I am not asking for spots, just general areas where I can walk in and where I can rent a yak. I know better than to expect a fisherman to give up his honey holes, but a little friendly help so a fellow fisherman can wet a line with a chance of catching a fish is all I am asking for.

Thanks,


----------



## imhammer (Apr 24, 2009)

This is a tough crowd.....65 views and only 2 posts. 

I know someone out there knows where I can walk in and fish besides the surf.

Help a fellow fisherman out!


----------



## [email protected] (Mar 20, 2008)

I told you a good spot for trout...Everything else is in the gulf...hard to target redfish in choctawhatche bay from shore unless it is the fall/winter. What do you want to catch?


----------



## [email protected] (Mar 20, 2008)

ts also the PENSACOLA fishing forum...Not as many Destinites on here...


----------



## imhammer (Apr 24, 2009)

Got it.....I just looked and saw where pensacola is in relation to destin. I can see why I haven't gotten many replies.

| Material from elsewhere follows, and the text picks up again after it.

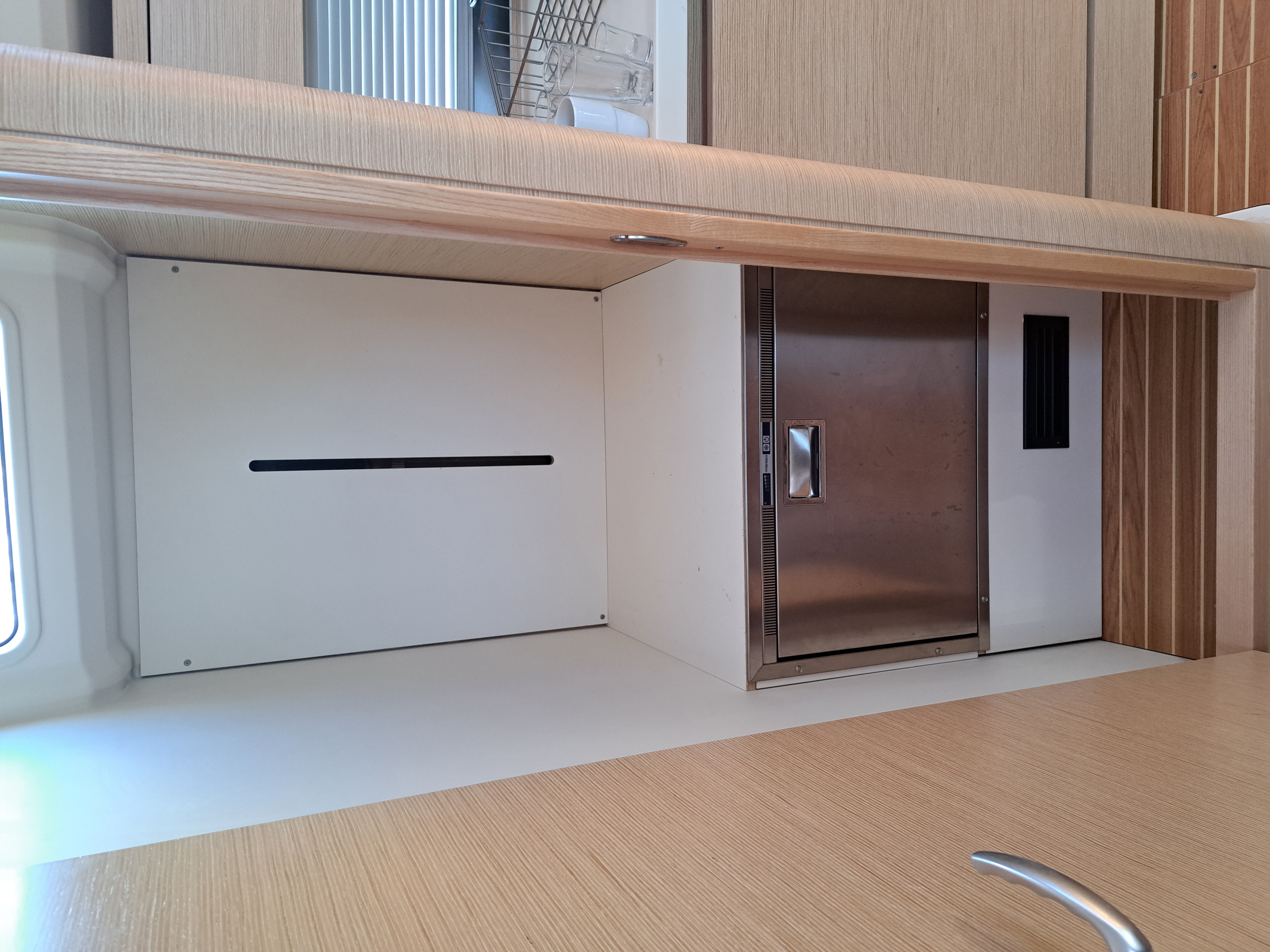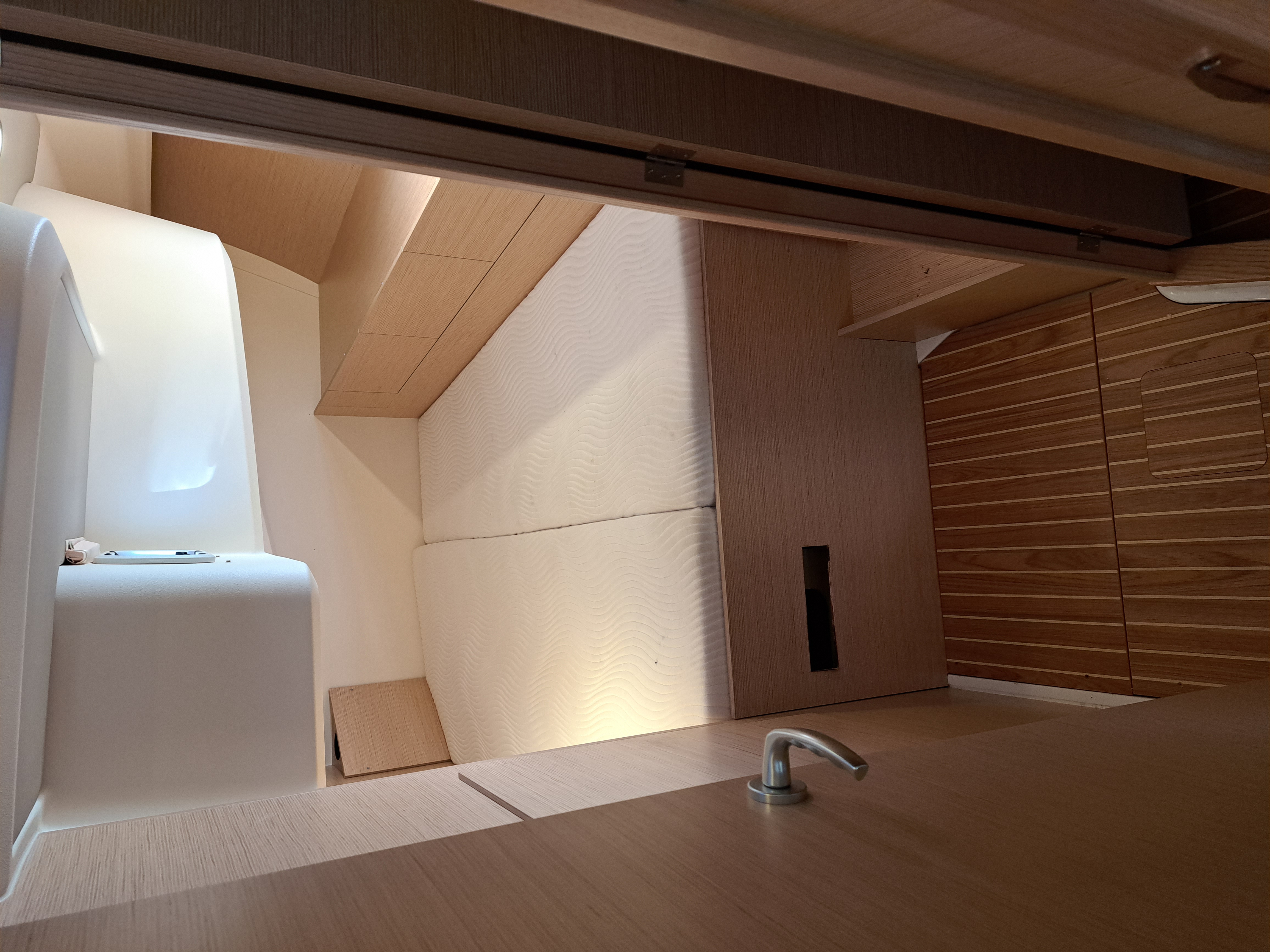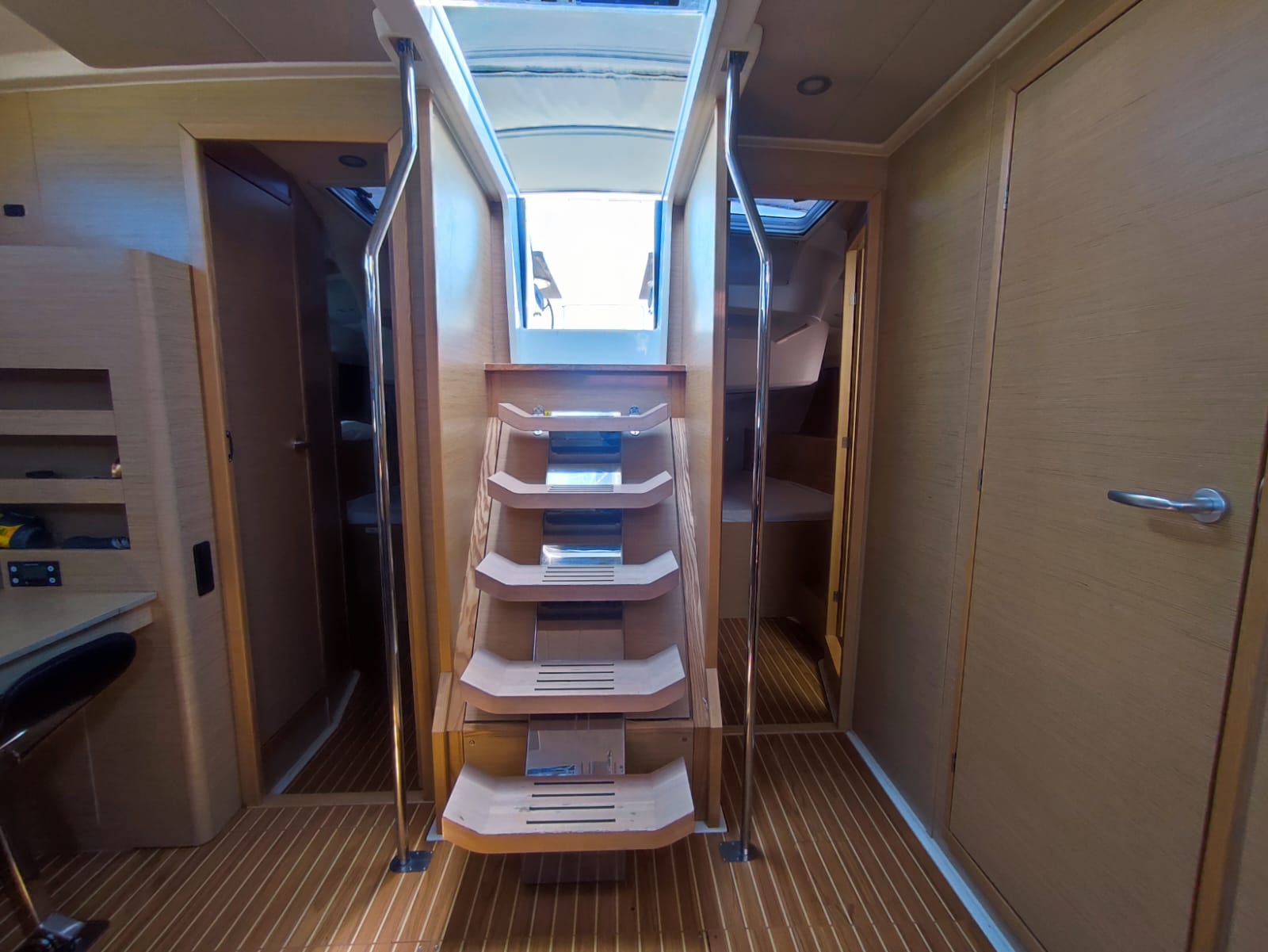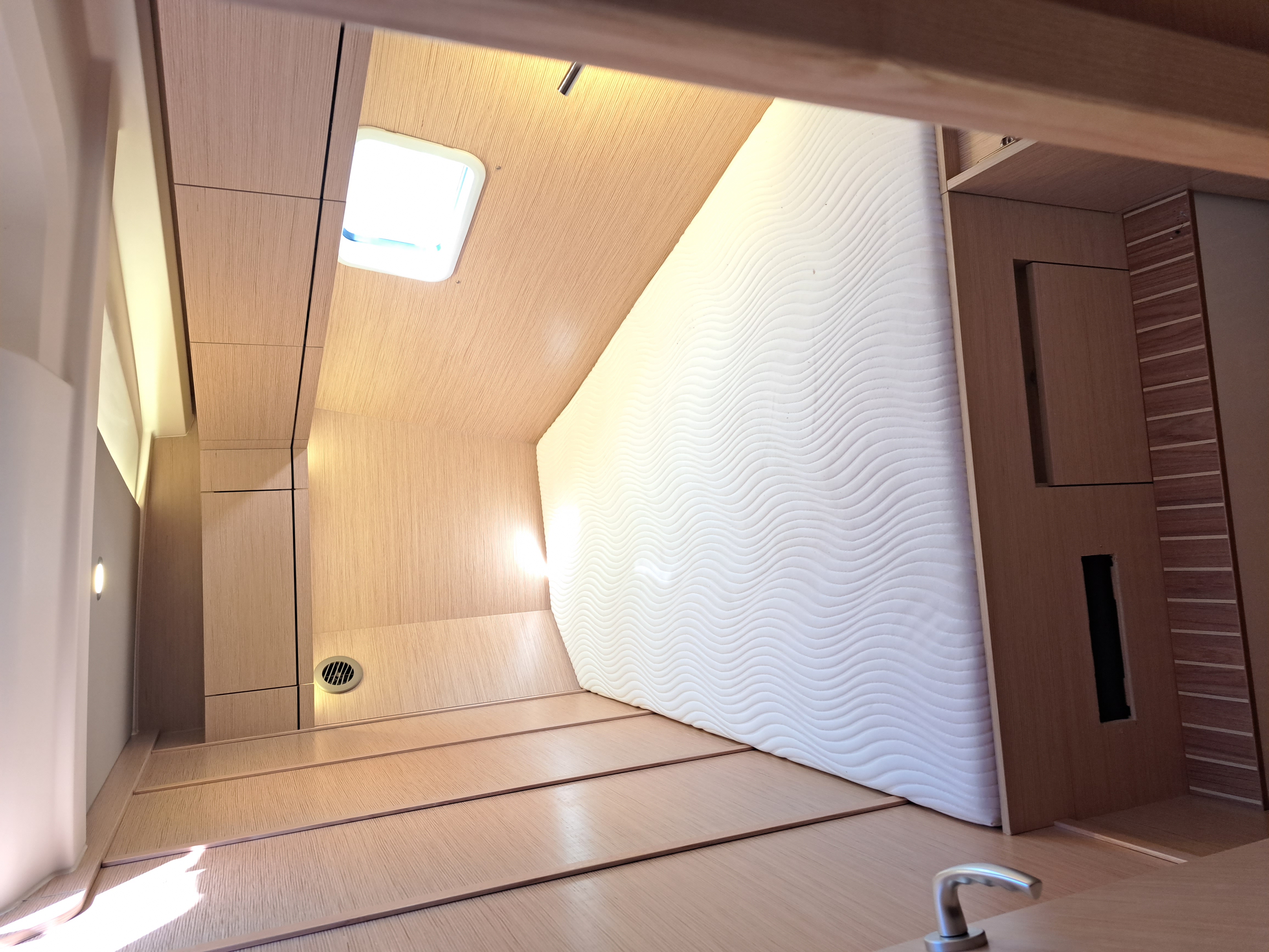 | Inside | Generator, Geschirrspüler, Inverter 12V/220V, Klimaanlage (ohne Landstrombedarf), Mikrowelle, Radio mit CD, MP3 und Bluetooth, Salontisch absenkbar, Watermaker, WC (elektr.) |

I will definitely be trying where you said and probably playing in the surf a little. I just want to catch anything, but trout and reds are the preference.

Do you know where I can rent a yak? That might be a better option and let me cover more territory even though I prefer to wade.

Are you from Texas? Where?

Thanks much!


----------



## seachaser (Jan 8, 2009)

One spot you can fish from shore for reds is right next to coast guard station in destin .Can park next to bridge and walk out to wade fish best in morning.


----------